FOR IMMEDIATE RELEASE
CONTACT: Anita Aboulafia 212-267-6646, ext. 225, email@example.com
NYCLA Presents Public Forum – The Financial Consequences of Criminal Convictions:
New Fees and Fines in New York’s Criminal Justice System on May 15
MAY5, 2008 – NEW YORK, NY- The New York County Lawyers’ Association (NYCLA) is presenting a free public forum, The Financial Consequences of Criminal Convictions: New Fees and Fines in New York’s Criminal Justice System, on Thursday, May 15 at the NYCLA Home of Law, 14 Vesey Street, beginning at 6:00 PM. Forum panelists will debate the new legal financial obligations, which are the vast array of fines, fees, costs, penalties, surcharges and assessments imposed by local and state governments, as well as the federal government against people convicted of criminal offenses. There will be a discussion of the consequences of these financial obligations for individuals, their significance to the courts and society, and the practical opportunities for their possible reform.
Forum speakers are: Sarah B. From, Director of Public Policy and Communications, Women’s Prison Association; Hon. Hakim Jeffries, New York State Assemblyman, 57th District, Brooklyn; Glenn Martin, Associate Vice President of Policy and Advocacy, The Fortune Society; Alan Rosenthal, Co-Director of Justice Strategies, Center for Community Alternatives; and Michael Yavinsky, Chief Court Attorney, Criminal Court of the City of New York and Co-Chair, NYCLA Criminal Justice Section.
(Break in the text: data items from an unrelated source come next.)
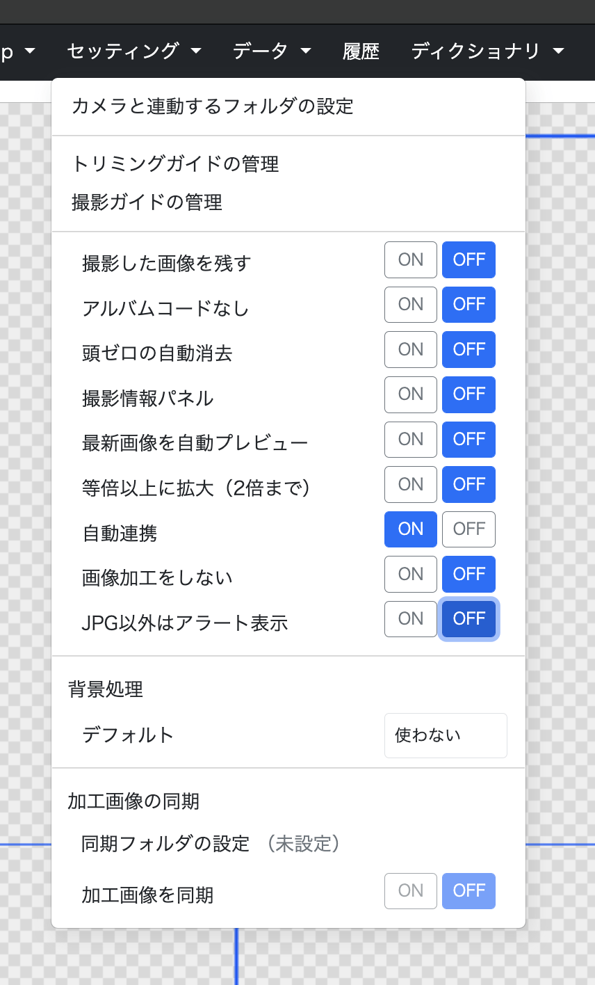 ONにすると、JPG以外の拡張子を持った画像がPANAMAと連動しているフォルダに入っていた場合、〔アップロードボタン〕のクリック時にアラートを表示します。
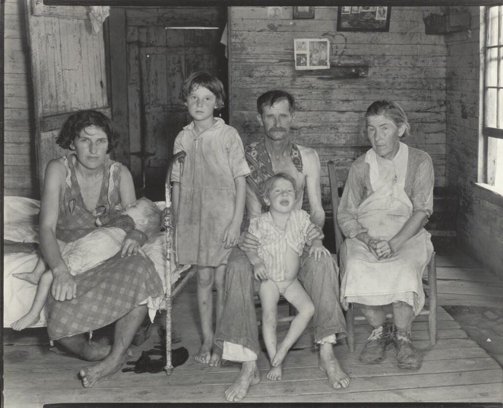 From mid-July to mid-September 1936, Evans took a leave from his position as an information specialist for the Historical Section of the Resettlement Administration to work with the writer James Agee on an assignment for Fortune magazine. They traveled to the Deep South to prepare an article on tenant cotton farming. In Alabama they documented the lives of farmers, including the Fields family. Evans found in this average American household the archetypal portrait of the everyman that he treasured. The straight-forward style of this portrait emphasizes the family’s hard life as much as their pride.
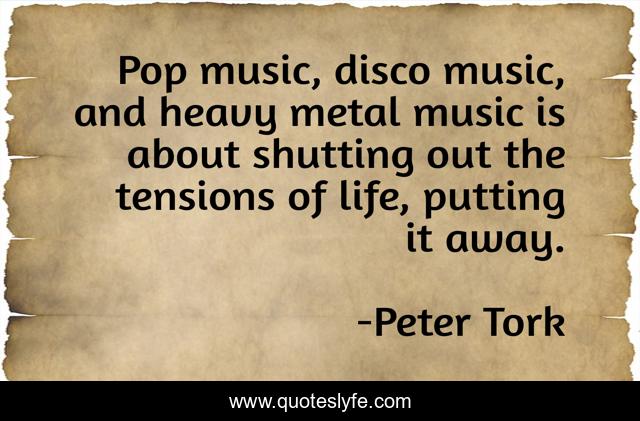 This page presents the quote "Pop music, disco music, and heavy metal music is about shutting out the tensions of life, putting it away.". Author of this quote is Peter Tork. This quote is about life, heavy metal, disco,.

The moderator will be David Udell, Director of the Justice Program, Brennan Center for Justice.
The NYCLA Justice Center, Criminal Justice Section and Civil Rights and Liberties Committee are sponsoring this event.
The forum is one of several events taking place at NYCLA during its Centennial year celebration, which commenced in April 2007 and ends in December 2008. NYCLA (www.nycla.org) was founded in April 1908 as the first major bar association in the country that admitted members without regard to race, ethnicity, religion, gender or sexual identity. Since its inception, it has pioneered some of the most far-reaching and tangible reforms in American jurisprudence and has continuously played an active role in legal developments and public policy.